Paradise Pt. II 
Project under Development, 2023

The Natural Colonial-Gaze: Desiring the Exotic

In Paradise Part II, we will dive into a world of trees, and the stories we tell about them.

In the quest to make sense of their environment, humans rely on narratives, stories and myths. Storytelling is a way of structuring a chaos consisting of events, feelings, memories  into an understandable, agreeable whole, consciously or unconsciously incorporating certain impressions, while leaving out others. And these stories that we tell matter. Because these stories shape how we relate to the world, and how we deal with our environment. The stories we tell shape the very world we live in.

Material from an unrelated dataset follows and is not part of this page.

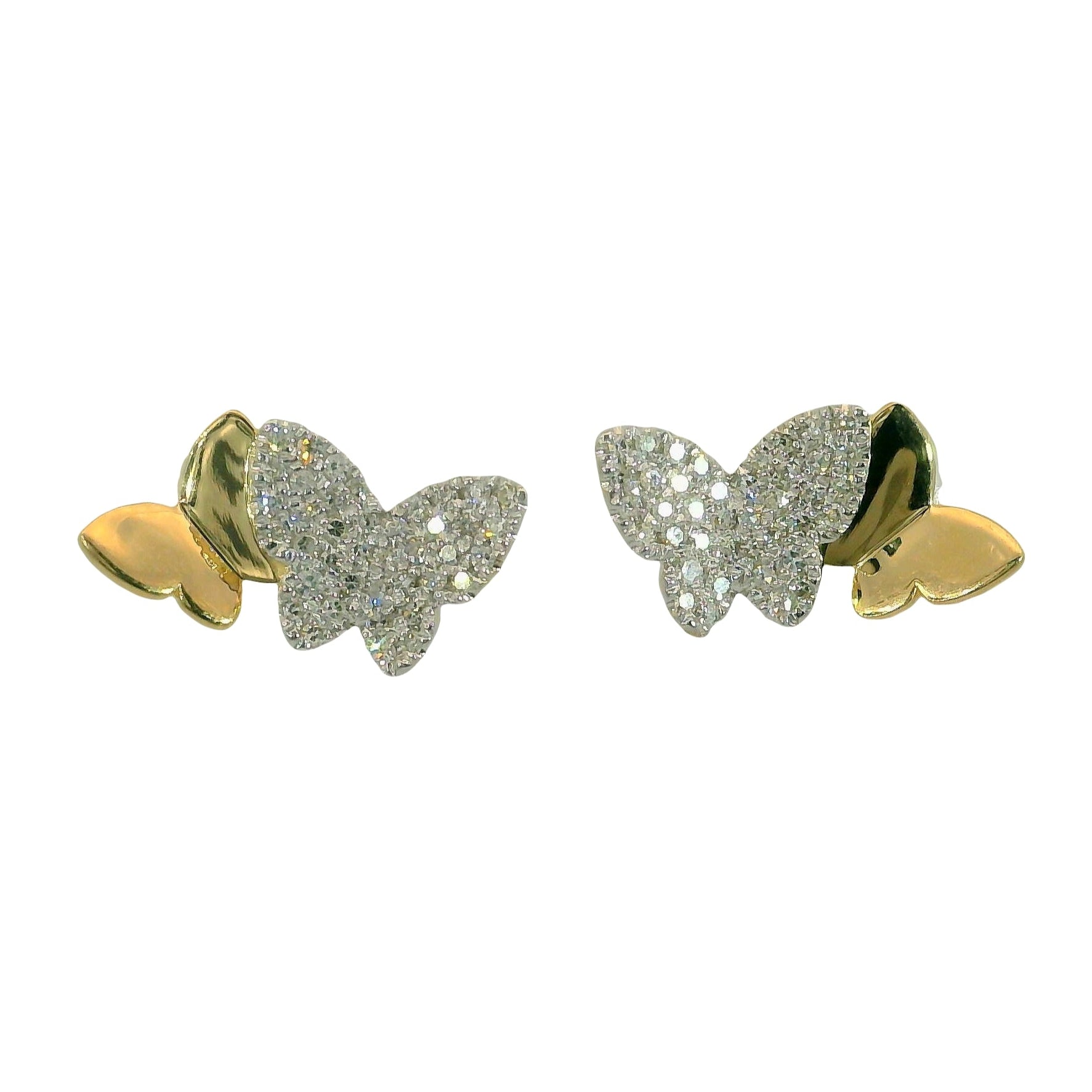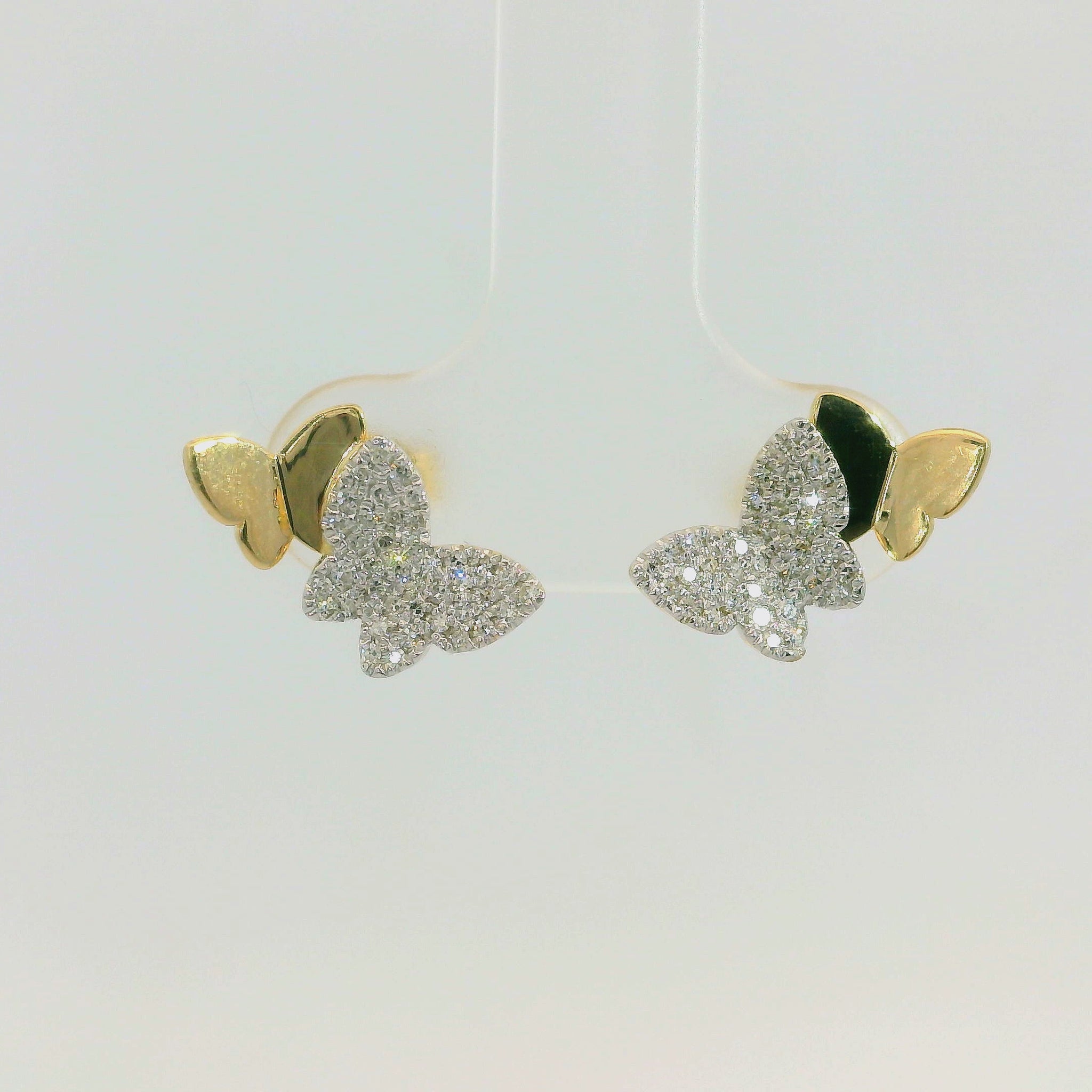 Natural Diamond Butterfly Earrings - 14kt Yellow Gold

In our last project, Shangri-La, Paradise under Construction, we explored this theme, focussing on a town that proved to be the real Shangri-La, a fictional paradise on earth. We explored the myths and realities, fact and fiction behind this new Shangri-La, to find out how fact and fiction melted together, forming a new reality.

In Paradise Pt. II we shift our focus to the stories that we tell about nature, with a focus on trees. In Western thought, nature is usually regarded as something that is ‘outside ourselves’, something that we, humans, are not really a part of. Nature serves as an escape from the complexities of our human lifes. We think of nature as something that is malleable, something that we can use for our own benefits, a resource. These narratives are heavily influenced by the natural colonial-gaze, a lens through which nature has often been perceived as a realm to be dominated, controlled and exploited. The current climate crisis demands a shift in this perspective on nature. We need to find new stories that enable us to relate differently to our environment. Most of us are aware of this by now, but we seem not to be too good at changing these narratives just yet.

In this project we will explore the portrayal of nature and trees in the present as well as the past, delving into the historical evolution of the representation of trees. The final project will consist of a mosaic of case studies. Each case study will revolve around a situation in which there is a tension between the story that is being told and the underlying reality, the synthetic and the real. Our goal is to unravel at what points in history the depiction of nature has strayed and with what consequences... In the present-day case studies we hope to focus on people who try to shift their focus on nature. Will this be with any success?

This project is in development.

General interest 

In the quest to make sense of their environment, humans rely on narratives, stories and myths that they tell themselves and others. But the narratives that are shaped around our relation to nature are heavily influenced by the natural colonial-gaze, a lens through which nature has often been perceived as a realm to be dominated and controlled.

Throughout history, narratives have shaped our perception of nature as an external, pristine entity, fostering an idealized escape from the complexities of human existence. However, this idealized portrayal has hindered our capacity to foster a holistic and sustainable rapport with the environment, resulting in a disconnect between our constructed stories and the complex realities they represent.

Despite the growing awareness of the need for a paradigm shift in our narrative approach to nature, we continue to struggle in reconciling the preconceived notions of the romanticized and enlightened views of nature. This tension between the constructed narrative and the authentic reality of our environmental challenges has led to a profound disconnect, perpetuating the colonial proposition that nature exists solely for our exploitation and benefit.
Telephone poles disguised as trees in Utah. 

In exploring the contemporary landscape and tracing the historical trajectory of humanity's portrayal of nature, it becomes evident that the roots of this dissonance can be found in the flawed narratives that have long dominated our understanding of the natural world. 

Paradise Pt II project will exist out of a mosaic of case studies around this proposition. We are working with cases where there is a tension between the narrative that is created and the underlying represented reality, the synthetic and the real. We will both focus on the present day, as well as tracing back history of the image of nature, asking ourselves the question: where and how did it go wrong, and with what consequences?

The first sequoia tree that was transported to a world fair in the US, after being ‘discovered’ in California by Western settlers. The bark was peeled off the original tree, transported and assembled at the fair. The tree was assembled so poorly, that visitors thought the it was a fake, a hoax, and for several years the discovery was not taken seriously at all.